The map edges wrap around, so moving off the right edge of the map will cause the bot to appear on the left edge etc. map 边缘环绕，因此从 map 的右边缘移开将导致机器人出现在左边缘等。
The sweeper bot can move up down, left or right from any map tile.扫地机器人可以从任何 map 瓷砖上上下左右移动。
When the bot collides with a mine, the mine is considered swept and then removed.当机器人与地雷相撞时，地雷被认为被扫过然后被移除。
The aim is for the bot to learn to sweep all mines on the map from any starting position.目的是让机器人学会从 position 开始扫除 map 上的所有地雷。

Answer 1

Given that the sweeper can always see the nearest mine, this should be pretty easy.鉴于扫地机总能看到最近的矿井，这应该很容易。 From your question I assume your only problem is finding a good reward function and representation for your agent state.根据您的问题，我认为您唯一的问题是找到一个好的奖励 function 和您的代理 state 的代表。

Defining a state定义 state

Absolute positions are rarely useful in a random environment, especially if the environment is infinite like in your example (since the bot can drive over the borders and respawn at the other side).绝对位置在随机环境中很少有用，尤其是在您的示例中环境是无限的情况下（因为机器人可以越过边界并在另一侧重生）。 This means that the size of the environment isn't needed for the agent to operate (we will actually need it to simulate the infinite space, tho).这意味着代理操作不需要环境的大小（我们实际上将需要它来模拟无限空间）。
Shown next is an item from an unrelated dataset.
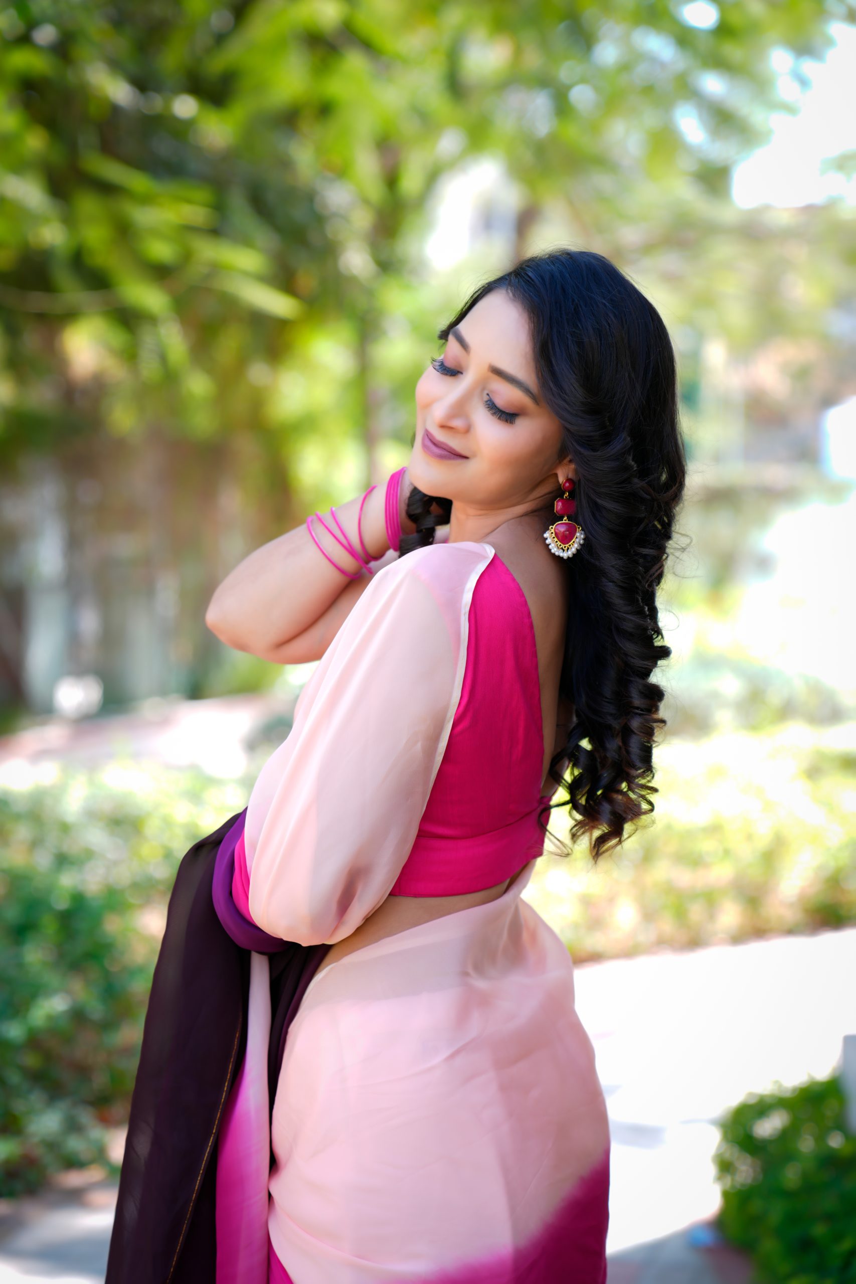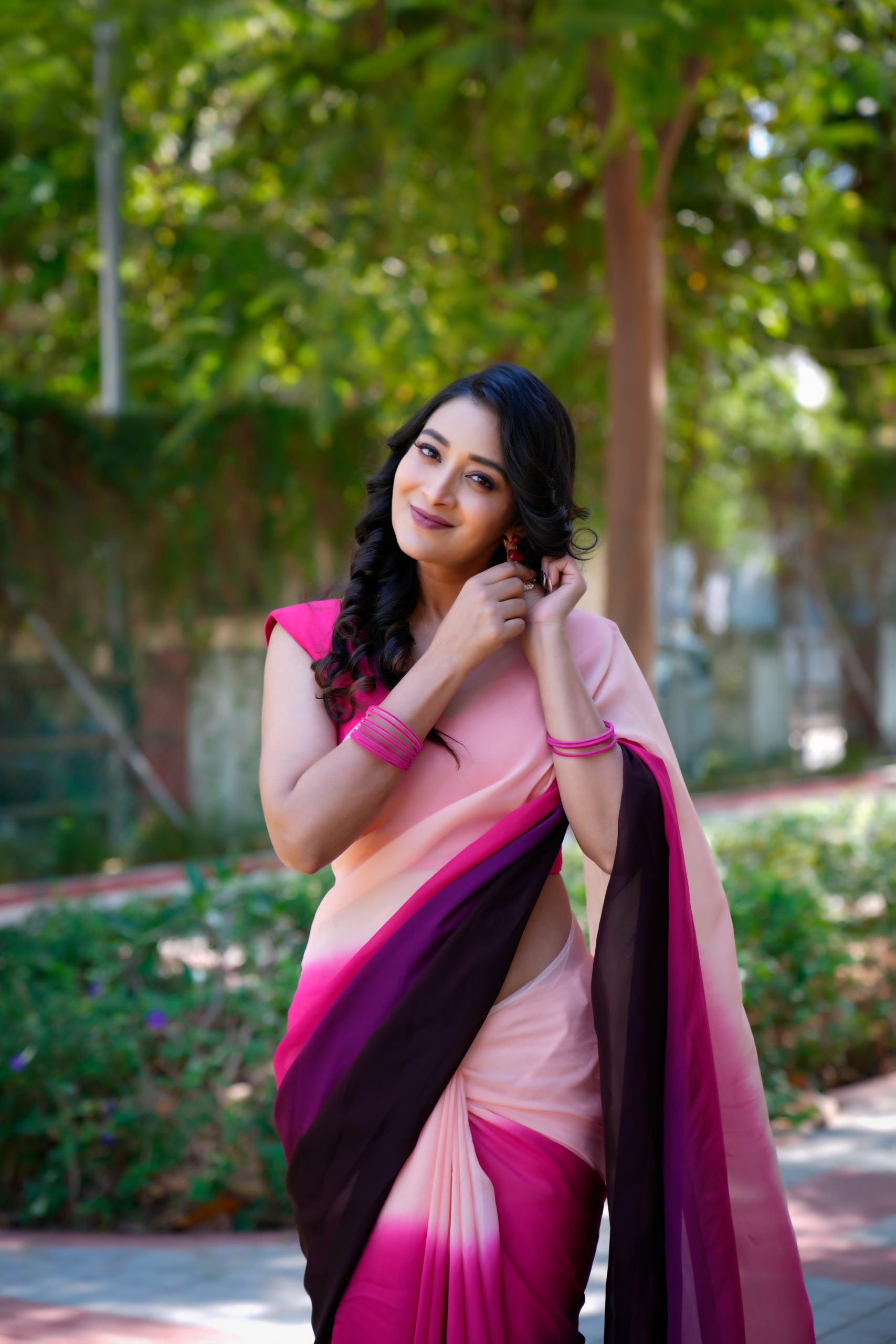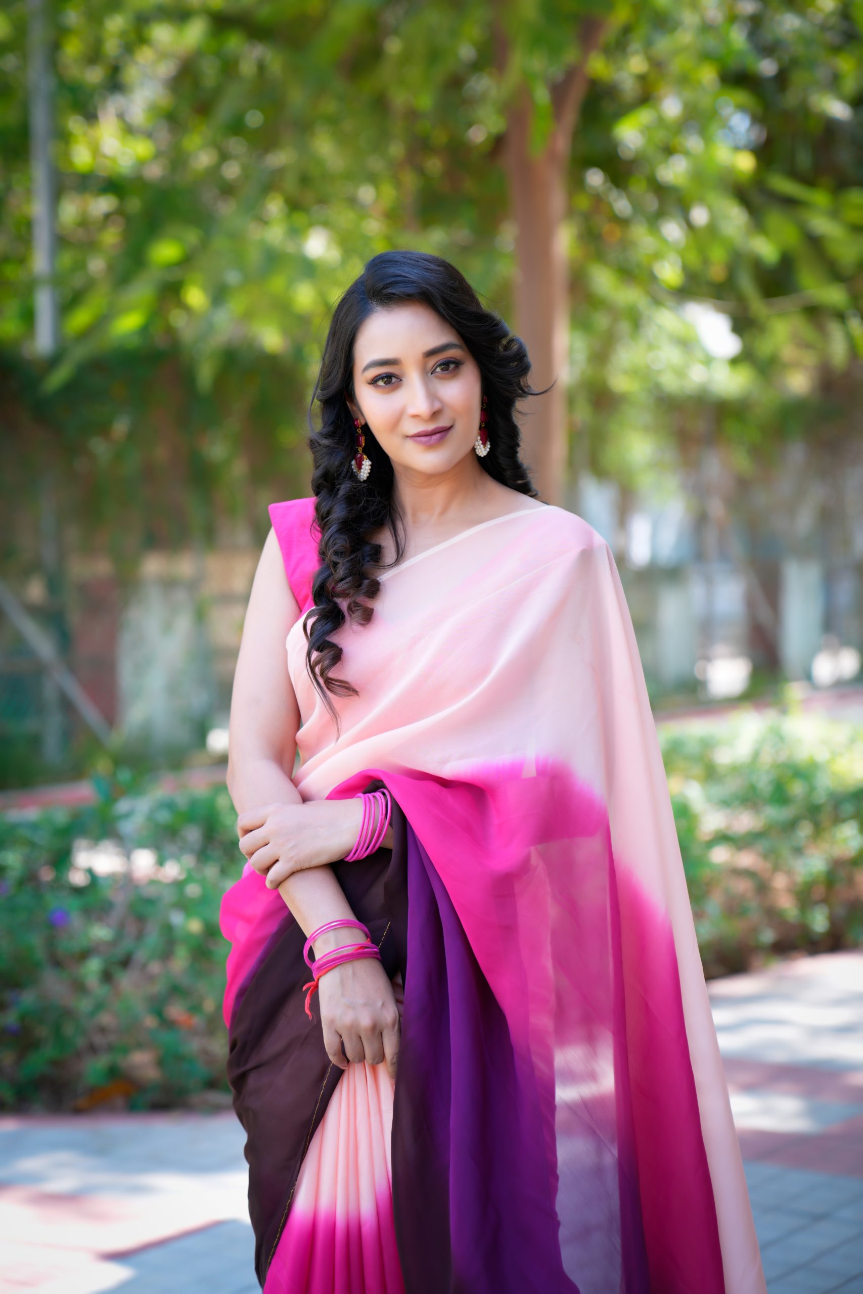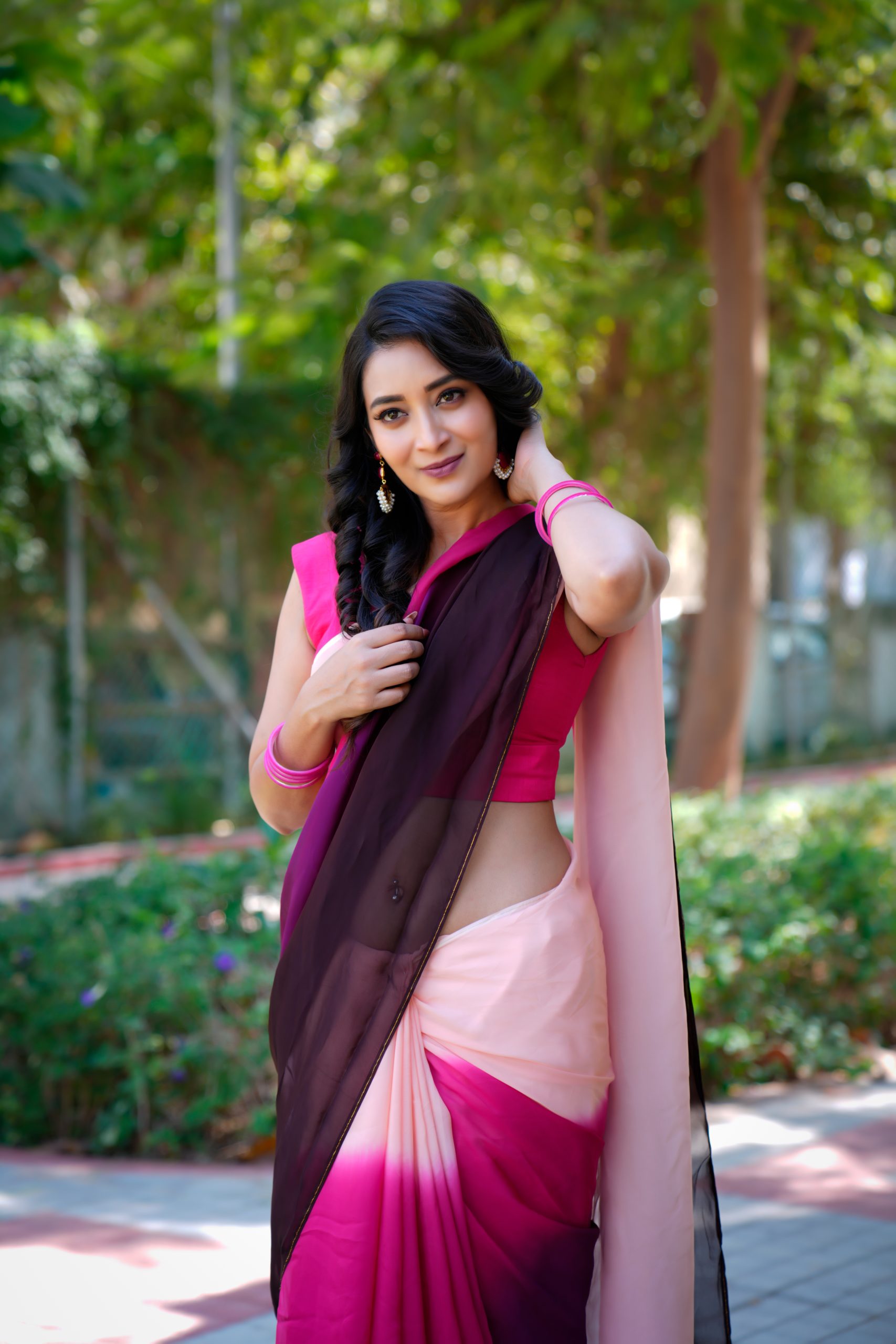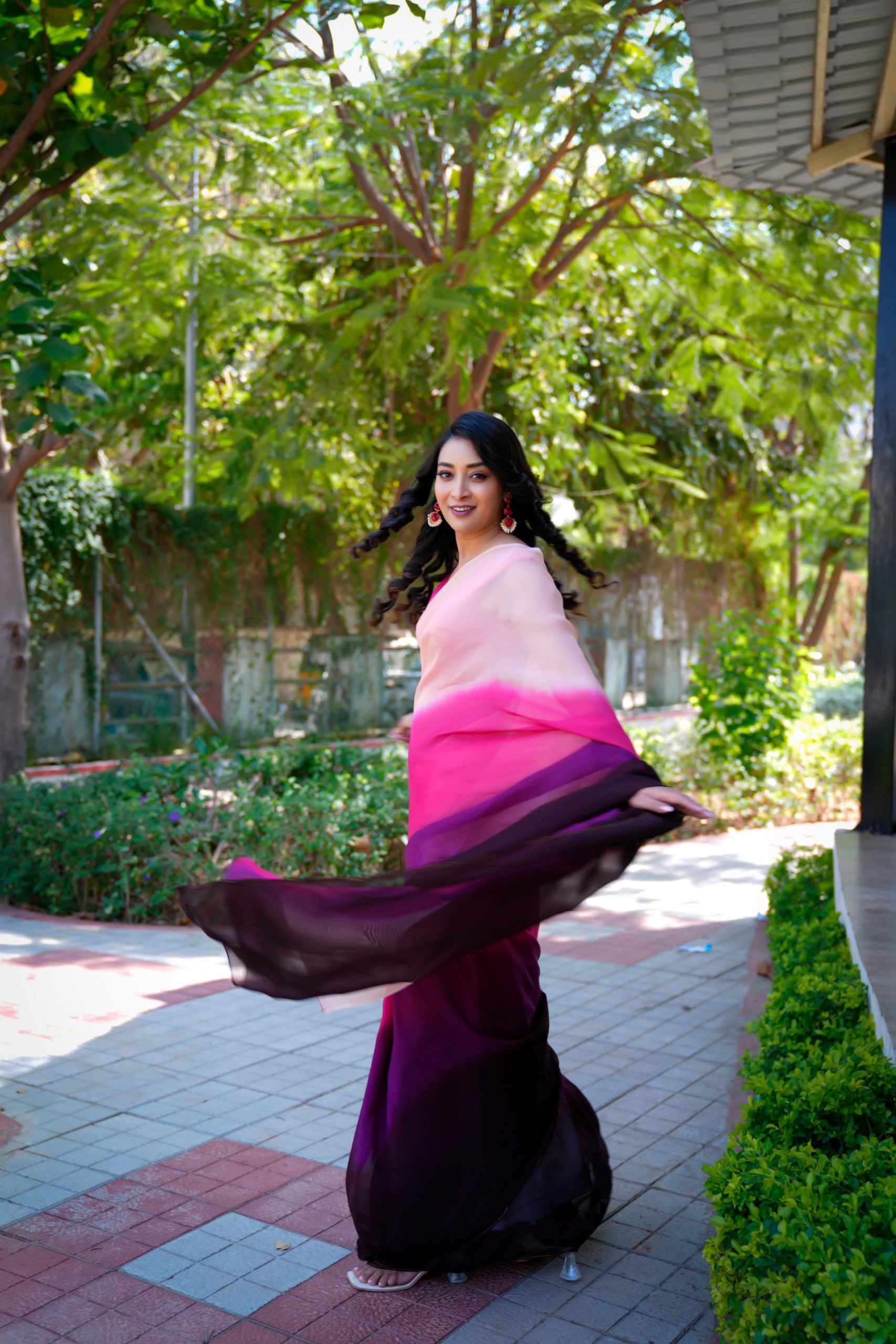 This exquisite pure organza saree showcases a stunning double-shaded dye pattern that beautifully blends deep and soft hues. The fabric’s sheer elegance and light texture add a charming touch, making it perfect for festive occasions, parties, or elegant gatherings — a true statement of refined style.

A reward function calculates its return value based on the current state of the agent compared to its previous state.奖励 function 根据代理的当前 state 与其之前的 state 相比计算其返回值。 But how do we define a state?但是我们如何定义 state？ Lets see what we actually need in order to operate the agent like we want it to.让我们看看我们真正需要什么才能像我们想要的那样操作代理。

The position of the agent.代理的position。
The position of the nearest mine.最近矿山的position。

That is all we need.这就是我们所需要的。 Now I said erlier that absolute positions are bad.现在我说过绝对位置不好。 This is because it makes the Q table (you call it Q matrix) static and very fragile to randomness.这是因为它使 Q 表（您称其为 Q 矩阵）static 并且对随机性非常脆弱。 So let's try to completely eliminate abosulte positions from the reward function and replace them with relative positions.因此，让我们尝试从奖励 function 中完全消除绝对位置，并将它们替换为相对位置。 Luckily, this is very simple in your case: instead of using the absolute positions, we use the relative position between the nearest mine and the agent.幸运的是，这在您的情况下非常简单：我们不使用绝对位置，而是使用最近的矿井和代理之间的相对 position。

Now we don't deal with coordinates anymore, but vectors.现在我们不再处理坐标，而是向量。 Lets calculate the vector between our points: v = pos_mine - pos_agent .让我们计算点之间的向量： v = pos_mine - pos_agent 。 This vector gives us two very important pieces of information:该向量为我们提供了两个非常重要的信息：

the direction in which the nearst mine is, and最近的地雷所在的方向，以及
the distance to the nearest mine.到最近的矿井的距离。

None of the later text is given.